Types of vision API services

Azure Cognitive Service for Vision is one of the broadest categories in Cognitive Services. You can use the APIs to incorporate vision features like image analysis, face detection, spatial analysis, and optical character recognition (OCR) in your applications, even if you have limited knowledge of machine learning.


Here are some broad categories of vision APIs:

  • Computer Vision provides advanced algorithms that process images and return information based on the visual features you're interested in. It provides four services: OCR, Face service, Image Analysis, and Spatial Analysis.
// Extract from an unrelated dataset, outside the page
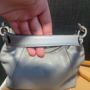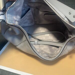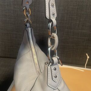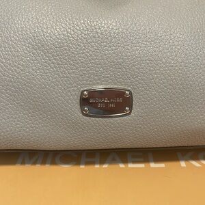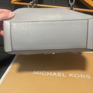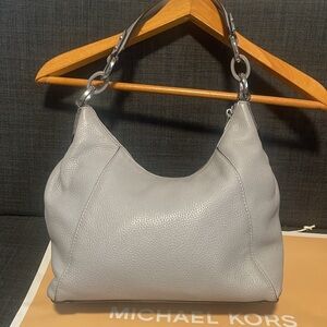 Elegant Michael Kors shoulder bag. Features a sleek gray design. Silver hardware accents. Perfect for any occasion.
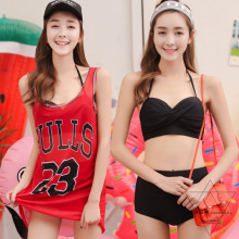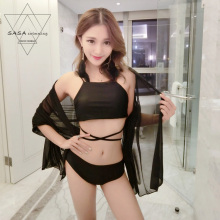 韩国新款罩衫比基尼三件套女士泳衣小胸钢托聚拢分体bikini游泳装

Form Recognizer is an advanced version of OCR.
  • Custom Vision is an image recognition service that you can use to build, deploy, and improve your own image identifier models.
  • Face service provides AI algorithms that detect, recognize, and analyze human faces in images.

How to choose a service

The following flow chart can help you choose a vision service for your specific use case:

Diagram that shows how to choose a vision service.

Common use cases

  • Computer Vision

    • Describe an image. Analyze an image, evaluate the objects that are detected, and generate a human-readable phrase or sentence that describes the image.
    • Tag visual features. Apply tags that are based on a set of thousands of recognizable objects.
    • Categorize an image. Categorize images based on their content.
    • Implement OCR. Detect printed and handwritten text in images.
    • Detect image types. For example, identify clip art images or line drawings.
    • Detect color schemes. Identify the dominant foreground, background, and dominant and accent colors in an image.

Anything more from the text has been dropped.